Колебания сырьевых цен оказывают серьезное влияние и на выбор внешнеполитического курса. Опыт показывает: сырьевые доходы — ненадежный фундамент для имперских амбиций. Это известно не со вчерашнего дня. Взаимосвязь притока золота и серебра из Америки в Испанию и развертывания внешнеполитических процессов в Европе во второй половине XVI — первой половине XVII века наглядно иллюстрирует данное положение. Суть урока, который полезно извлечь из этого опыта, в том, что на фоне растущих ресурсных доходов принять имперские обязательства легко; а отказаться от них, когда финансовый поток сокращается, трудно. К концу 1640-х годов Испания утратила европейские владения вне Пиренейского полуострова, контроль над Португалией, оказалась на грани потери Каталонии и Арагона. При этом испанская армия, по общему признанию, оставалась сильнейшей в Европе. Ко времени, когда она потерпела первое за десятилетия поражение в крупном сухопутном сражении (1643 год, битва при Рокруа), империя лежала в руинах. Причиной краха стали не военные неудачи, а сокращение потока ресурсных доходов, невозможность отказаться от принятых внешнеполитических обязательств, расстройство финансов, череда государственных банкротств, вынуждающих испанские власти просить о мире страны, которые совсем недавно казались слабыми противниками.

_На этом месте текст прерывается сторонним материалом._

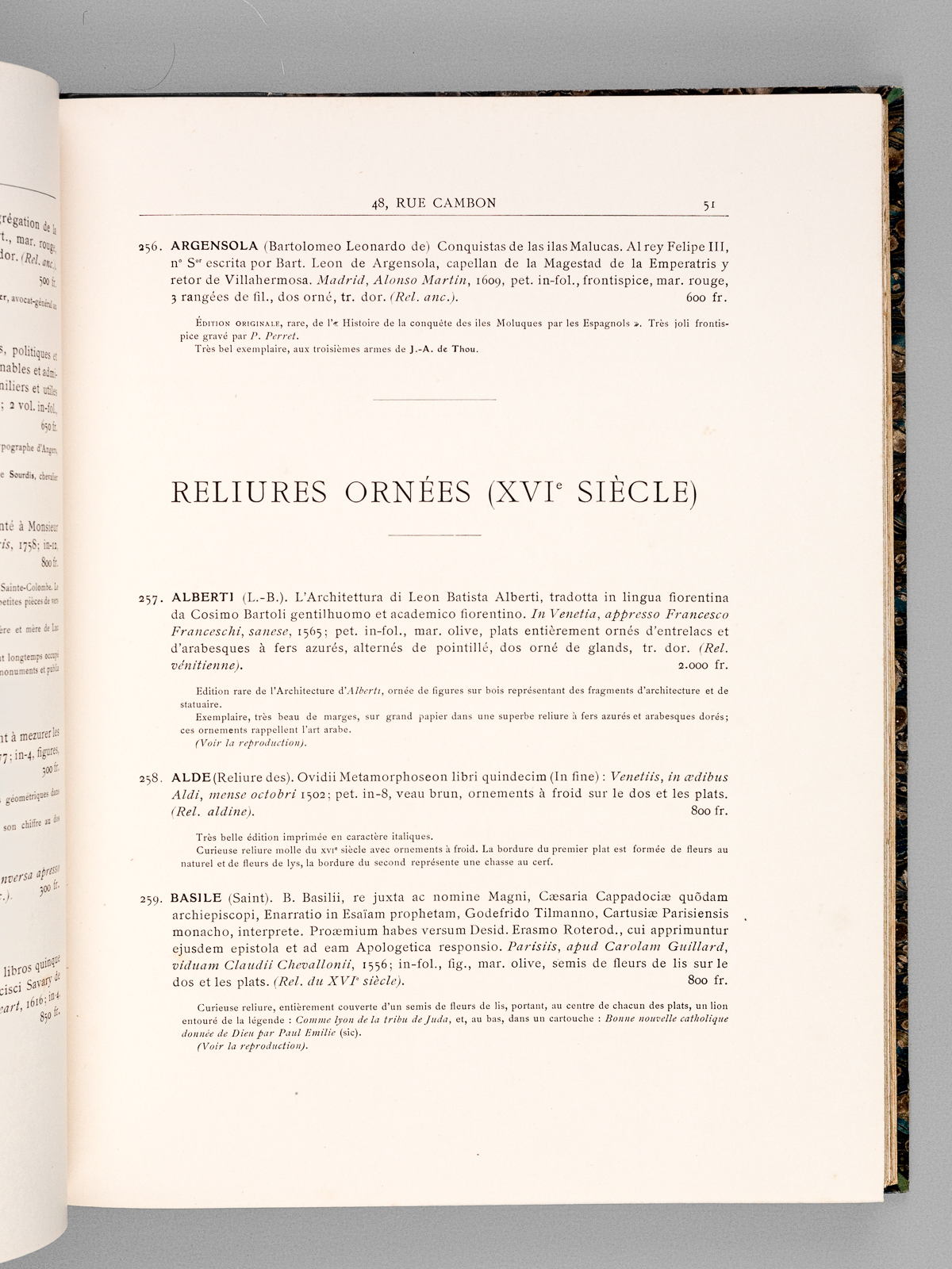 1 vol. grand in-4 reliure demi-chagrin vert, dos à 5 nerfs, couvertures conservées, Librairie Théophile Belin, Paris, 1912, 61 pp. (311 numéros et 86 planches hors texte) Commentaire : Belle reliure pour ce beau catalogue. Bon exemplaire (infimes frott., rares rouss., bel exemplaire par ailleurs).
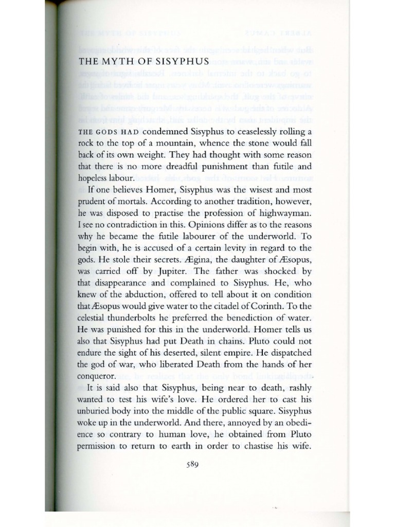 Lou takes a trip to fargo; Although sisyphus helped its city become a commercial hub and invested in navigation, he was a sly and deceitful person. Other books related to the myth of sisyphus. In this essay, the writer has allegorically presented sisyphus as the symbol of humankind and his task. The myth of sisyphus is one of the most known myths in the greek mythology, due to the cunningness of sisyphus and the punishment that was awaiting him.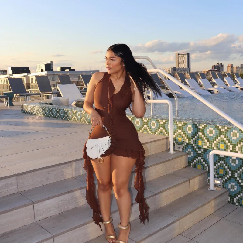 A145ds European and American 2025 Summer New Solid Color Sleeveless Low Collar Wooden Ear Irregular Hip-Wrapped Short Dress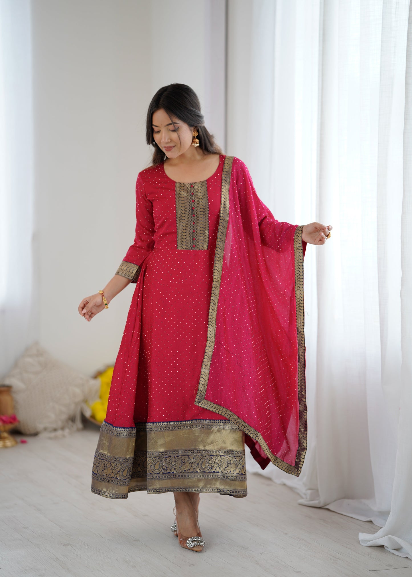 Premium Quality Pink Bluming Vichitra fabric with Jacquard Weaving Lace Border Duptta Gown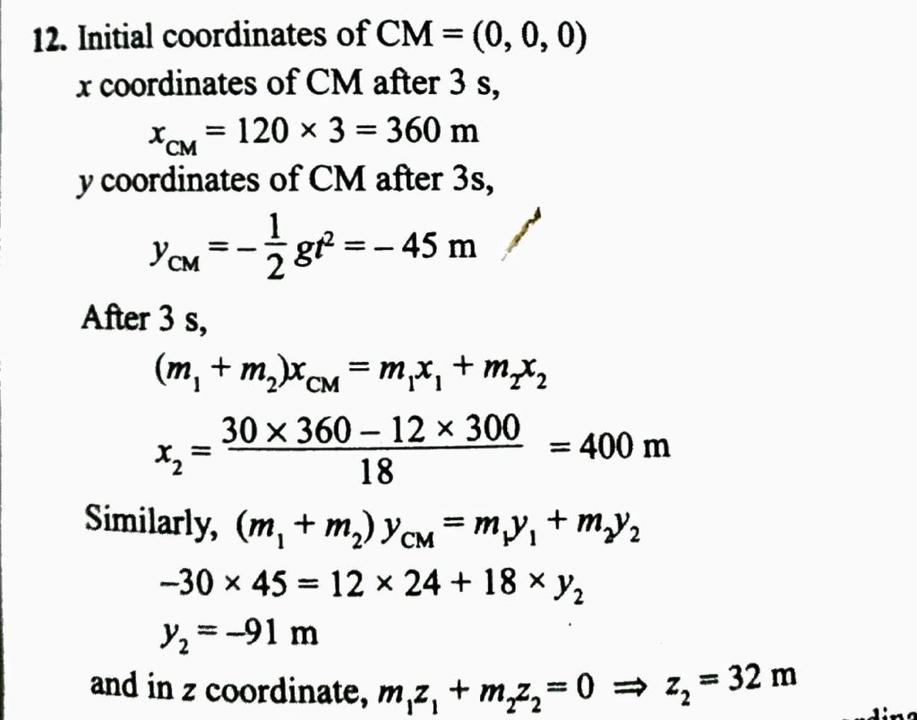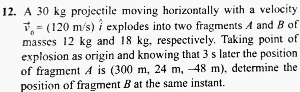 A `30 kg` projectile moving horizontally with a velocity `vecv_(0) = ( 120 m//s ) hati` explodes into two fragments `A` and `B` of masses `12 kg` and `8 kg`, respectively. Taking point of explosion as origin and knowing that `3s` later position of fragment a is (`300 m, 24 m, -48 m`), determine the position of fragment `B` at the instant.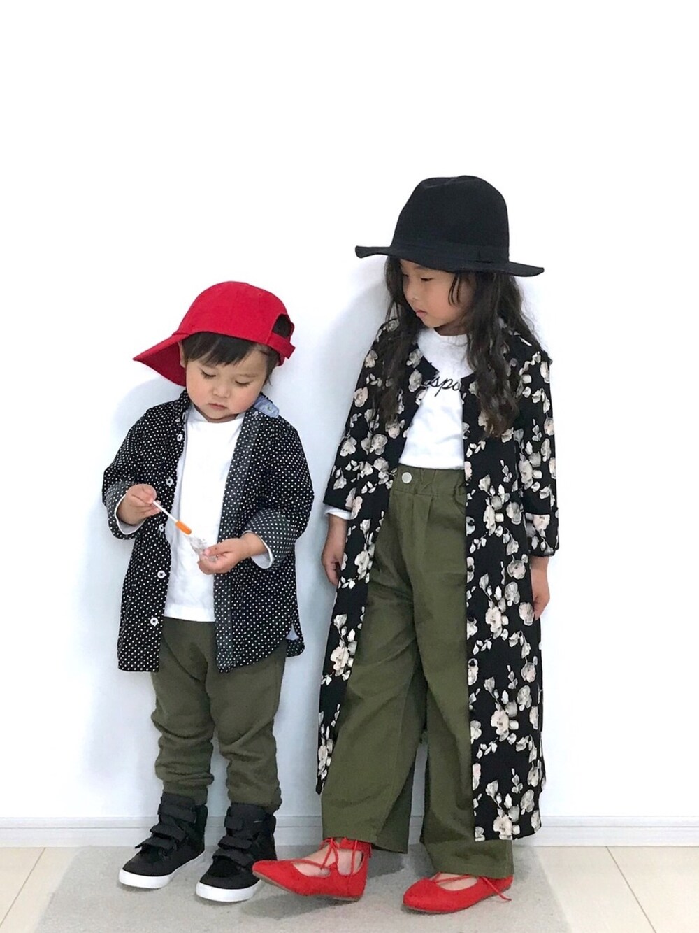 柄×カーキ×赤さしな昨日のリアルコーデ👫♡ この春入園、入学、進級したみなさん🌸✨ おめでとうございます㊗️ そして本日。愛さんもついに幼稚園デビューです🙌✨ 年中さんからの途中入園なので進級式に参加してきます🏫 👩🏻長女→6年生。 👧🏻愛さん→年中。 🧒🏻かー君→プレ。 3人共元気に楽しく成長できる1年になるといいな〜💕 覗いて頂きありがとうございます😊 いいね&お気に入り&フォローとても嬉しいです✨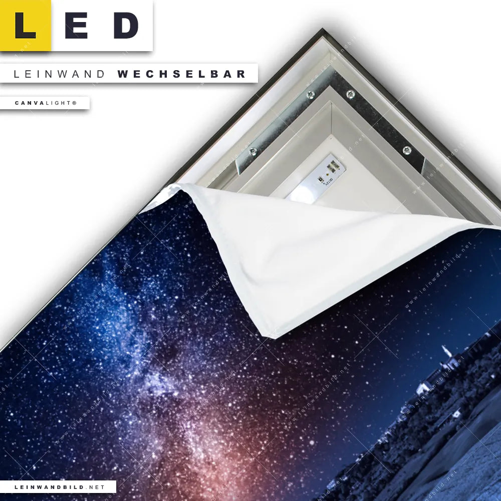 Du konfigurierst Dein individuelles LED Leinwandbild Canvalight® TEX | Milchstraße über einem Feldweg | Querformat und wir produzieren es NEU für Dich. Unsere Landschaften LED Bilder mit wechselbarer Textil-Leinwand sind KEINE Lagerware. Du bist Dir unsicher, welches Motiv oder Format das richtige für dein individuelles Canvalight® Leuchtbild ist, dann helfen wir dir gerne weiter und beraten dich!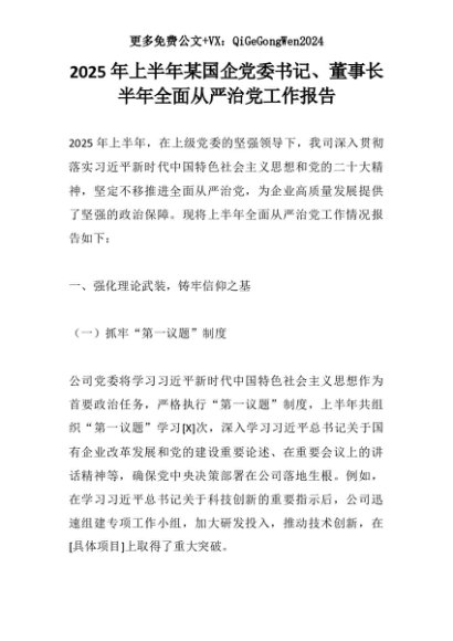 【七哥公文】2025年:【七哥公文】2025年上半年某国企党委书记、董事长半年全面从严治党工作报告+更多免费公文+VX:QiGeGongWen2024+更多免费公文+VX:QiGeGongWen2024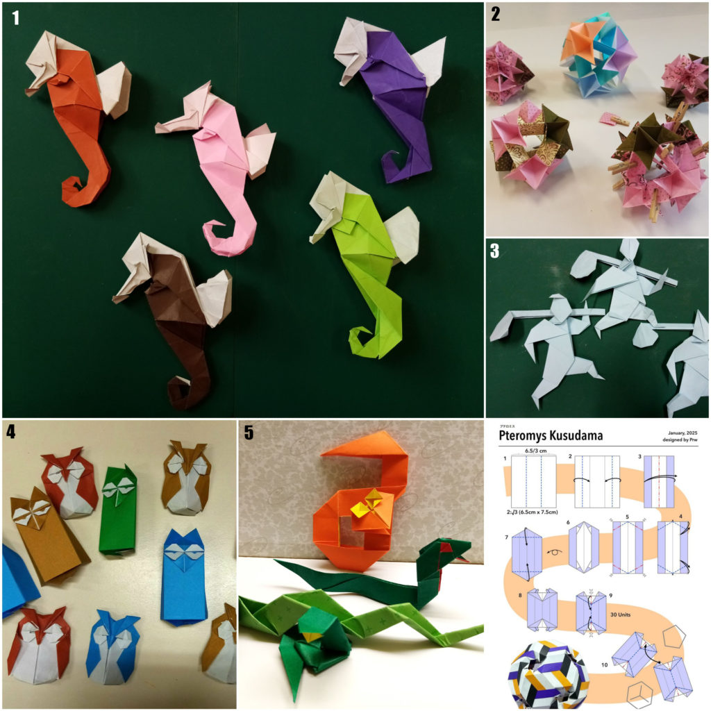 A delà des traditionnels bateaux, cocottes et autres avions, nous explorons les créations d’auteurs contemporains du monde entier en lien avec les principales associations d’origamistes : MFPP (France), BOS (Royaume-Uni), CDO (Italie), AEP (Espagne), JOAS (Japon)…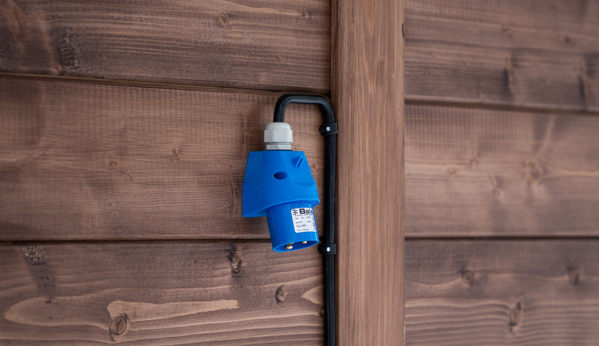 Saunassa on sähköistys valmiina. Seinässä on normaali valovirtapistoke 10A sulakkeella.

Во время предшествующего периода высоких цен на нефть (1973–1985 годы) СССР ввязался в активные военно-политические операции в Африке, потратил сотни миллиардов долларов на поддержку вассальных режимов, способствовал своей политикой формированию широкой неформальной коалиции, направленной против экспансии советского влияния, включающей не только страны Запада, но и Китай. После начала Афганской войны к этому союзу присоединились ведущие арабские нефтедобывающие страны. Тон диалога Саудовской Аравии с США в том, что касается и безопасности, и действий на рынке нефти, со времени советского вторжения в Афганистан изменился. Падение цен на нефть в середине 1980-х годов было предопределено ситуацией на рынке. Но быстроту и масштабы их снижения трудно понять вне контекста диалога между США и Саудовской Аравией, тон которого определялся опасениями того, что происходящее в Афганистане — первый шаг советских властей, направленный на экспансию влияния на Ближнем Востоке.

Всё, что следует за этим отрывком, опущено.